Fiscal Note: Available.
Effective Date of Substitute Bill: The bill takes effect 90 days after adjournment of the session in which the bill is passed.
Staff Summary of Public Testimony:
(In support) There is concern about the horizontal and vertical mergers that are happening in the health care industry and whether they may drive up costs and drive down choice for consumers. The bill will allow the Attorney General (AG) to take an earlier look at transactions that may have an effect on the availability of health care services before those transactions take place.
The bill provides a tool for the AG to ensure that competition remains vigorous and robust. Currently the AG only learns about these transactions from the news, consumer complaints, or if the parties voluntarily report.
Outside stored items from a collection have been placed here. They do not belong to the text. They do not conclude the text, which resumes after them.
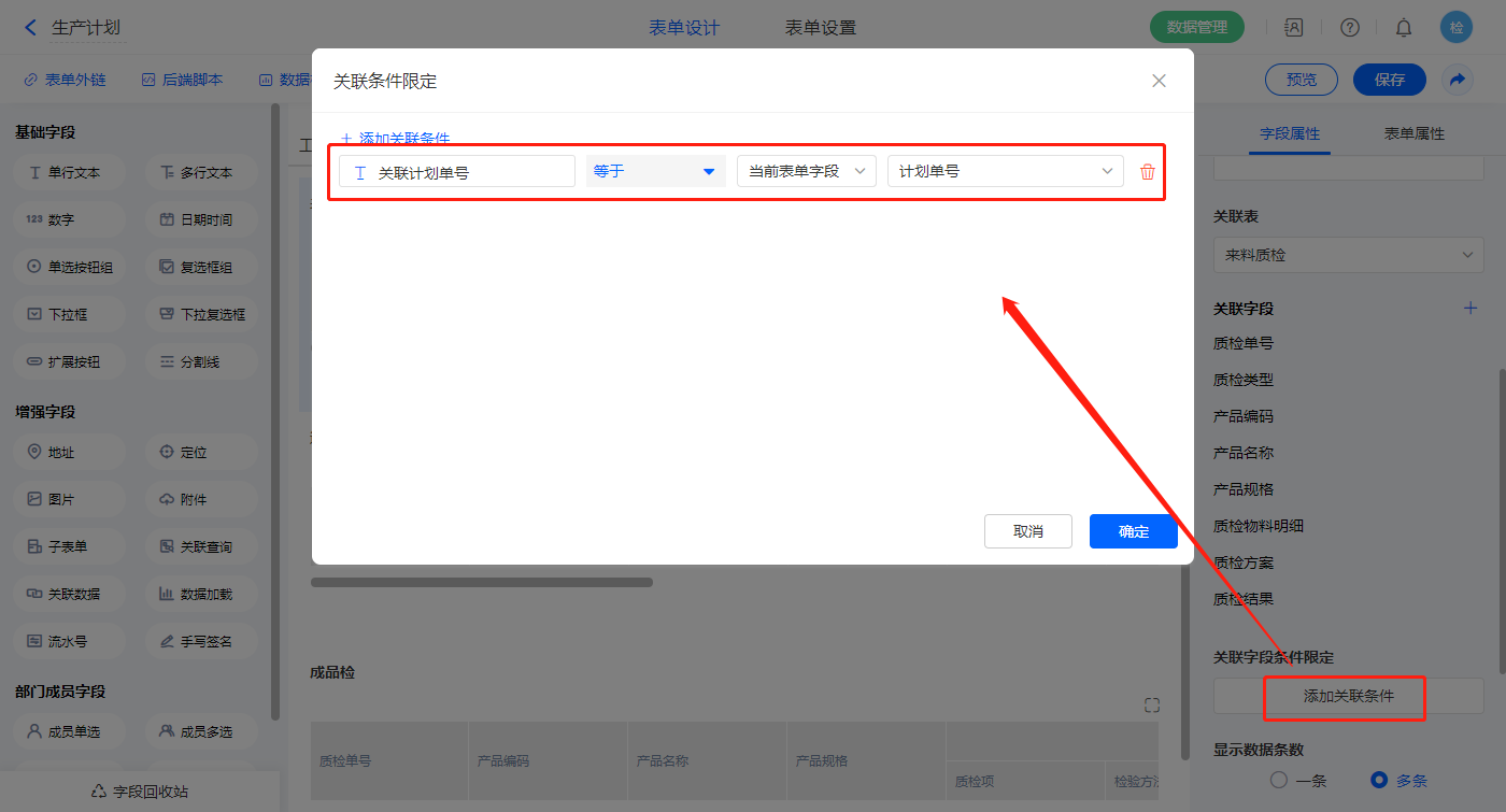 以上关联查询字段添加关联条件,根据【计划单号】字段相关联;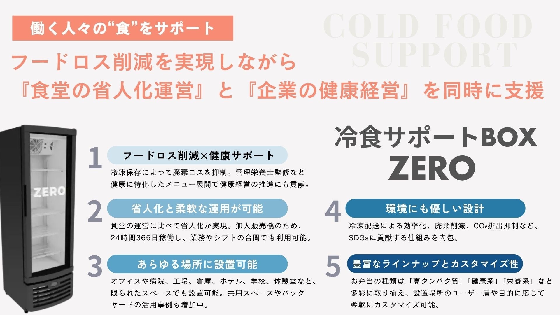 ZEROは、『冷食サポートBOX ZERO』を通じて、こうした現場での栄養補給・健康経営を支援し、職場環境の改善と人材定着・エンゲージメント向上に寄与します。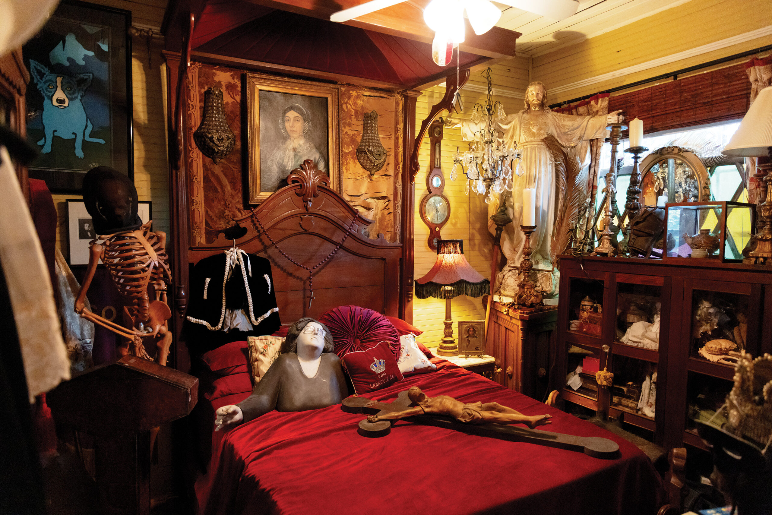 Walking through Gumbo House, among relics and museum quality pieces, many from the early 1800s, one instantly realizes this is far from the above mentioned “cookie-cutter house.” At every turn, life-size human statues, some centuries old, are waiting. You look at them and they look at you which can be somewhat unsettling.

Federal reporting requirements apply to transactions of a certain size, which leaves out a number of transactions, including affiliations. This gap in required reporting has led to a number of transactions that have flown below the radar. The bill allows the AG to review these transactions before they occur. It does not provide any additional enforcement authority.
The bill is the first step to achieving government oversight to make sure adequate health care is available to the public. Consolidation of health care providers impacts costs, quality, and access to care for patients, particularly in rural and low-income communities. In the recent Providence and St. Joseph's affiliation, Oregon and California both required these entities to submit information, and public hearings were held on the transaction. Washington should do the same.
(Opposed) Health care providers have major concerns with the bill. The AG already has robust authority to investigate anticompetitive behavior. There is no evidence of a systemic problem in the market that would support this sweeping legislation. Health care providers affiliate in order to preserve access to care in communities and increase efficiencies in operations. Recent government policy has been to increase value-based purchasing, but that explicitly encourages affiliation and consolidation. Although the bill does not create any new legal authority, it does increase regulatory and administrative burdens on providers. After going through the burden of complying with notice requirements, it is not clear how long they will have to wait before they can move ahead with their planned transaction. Currently providers can voluntarily discuss these transactions with the AG and that is a much better and less heavy-handed approach.
Almost all of the hospitals in public hospital districts are rural hospitals, and they should be encouraged to engage in relationships and affiliations to avoid closures. Having to hire a lawyer and compile all the material required by the bill will be a real burden on rural hospitals. This is unnecessary because public hospital districts are already public and transparent. Small primary care practitioners are struggling to make ends meet. Their business model no longer works so the ability to affiliate with other providers is very important and should not be taken away. Losing primary care practitioners has negative consequences that will increase costs and negatively impact the public's access to health care.
Persons Testifying: (In support) Elisabeth Smith, American Civil Liberties Union Washington; and Erica Koscher, Office of the Attorney General.
(Opposed) Chris Bandoli, Washington State Hospital Association; Ben Lindekugel, Association of Public Hospital Districts; Roman Daniels-Brown, Washington State Medical Association; and Sharon Crowell, The Vancouver Clinic.
Persons Signed In To Testify But Not Testifying: None.